This week we’re focusing on Will Whittaker, who has been on the committee for 8 years and holds ths post of Rear Commodore Sail.
How did you get into sailing? My Dad sailed a Lark as a member of Barnt Green Sailing Club. As the youngest of three boys, I watched my brothers sail and was desperate to join them. When I finally started sailing, I was nine or ten and crewed for my older brother Daniel in a Cadet called “left over wine”. First Picture – Dan and I at the Cadet Nationals Plymouth 1990.
How did you join DWSC? I had a friend who was a member and it gave me the impetus to get a Laser and join him over 15 years ago. Sadly, Dan was in the army so quickly moved away to Salisbury. I then started joining in with Sunday racing, Chris Dickinson and Robert Browett were the only other Laser boats at that time regularly racing. The fleet, then started to gain other new members and quickly grew in popularity, particularly on Wednesday evenings, where single handed fleet racing is the obvious choice when typically running late, trying to get to racing after work!
Why did you go on the Committee? I spent a lot of time encouraging others to join the Laser fleet and had little help or support from the committee. With my fellow Solo fleet captain (Jeremy) we could not understand why fleet captains were not consulted for racing input or encouragement. This coupled with the seemingly perilous position of the club, I joined with Jeremy to try and bring some expertise as a business owner.
What do you do on the Committee? This has changed significantly since I joined in 2012. Initially Phil, Rodger, Jeremy and I were very hands on, working with Dave to set up processes to move the club forward. Huge time was spent making the club self-sufficient. My predecessor Richard Botting was extremely burdened by the day to day running, dealing with details such as timesheets, shift rotas, etc. Dave picked this up in his role initially as Water Manager. As Dave has grown into the role as Club Manager, my role has become far more strategic, where the committee provide guidance, resource and support to what is an excellent club team which Dave has built. My role has continued with the successful extension of our existing lease until 2045 and more recently the unprecedented situation where the club has had to close and furlough staff. Dave, Jeremy and I have a daily conference call manage the constant moving goalposts from government and are now looking to how we will run without a commercial income for an unknown amount of time, as well as how we start up again when social distancing restrictions are lifted.

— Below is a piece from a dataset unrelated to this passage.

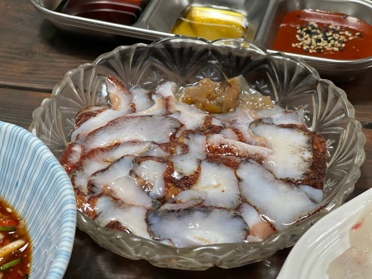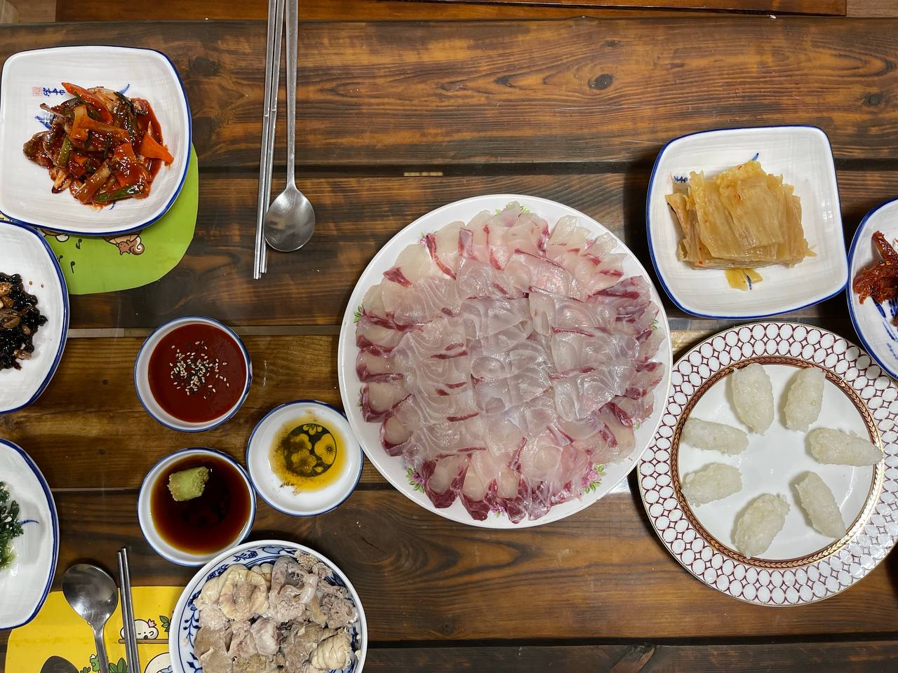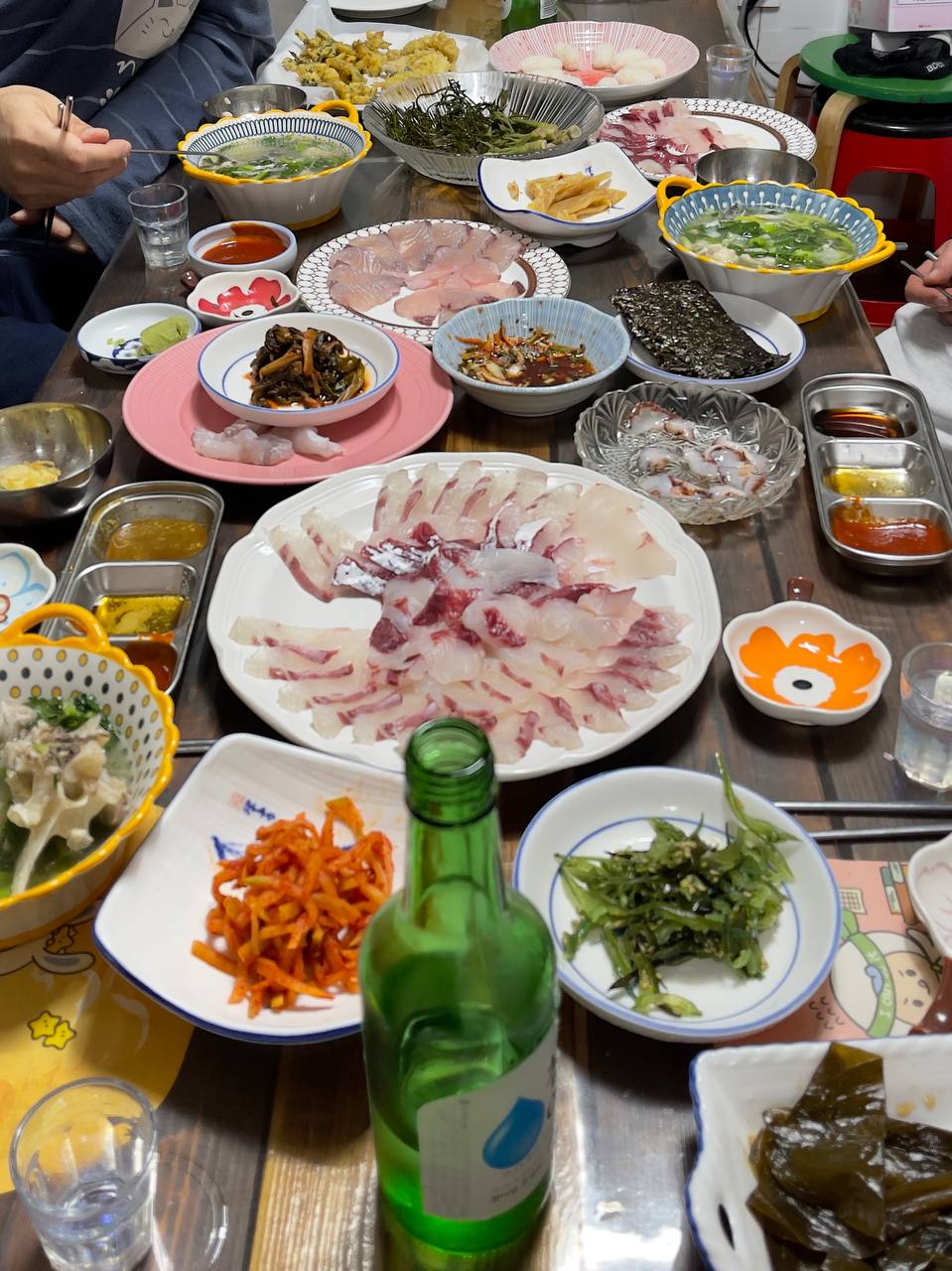 사장님이 감성돔을 가져가지 않겠냐고 몇번을 물어보셨는데 차를 가져온게 아니고 비행기를 타고온데다 살려 가기엔 품이 너무 들어가서 그냥 먹겠다고 해서 다같이 푸짐한 저녁상을 들었다.

What’s your best sailing experience? The easy answer would be to say in a dinghy, but the best experience has to be sailing to the Scilly Islands with my parents in the mid 1990’s. We often sailed along the south coast with friends but decided one summer in fine weather to head off passed the Lizard and onto what was the unexpected magical Scilly Islands. We enjoyed island hopping the white sandy beaches, swimming in clear seas and evening drinks in the local pubs. I hope to take my boys by boat there at some point so they too can have such memories.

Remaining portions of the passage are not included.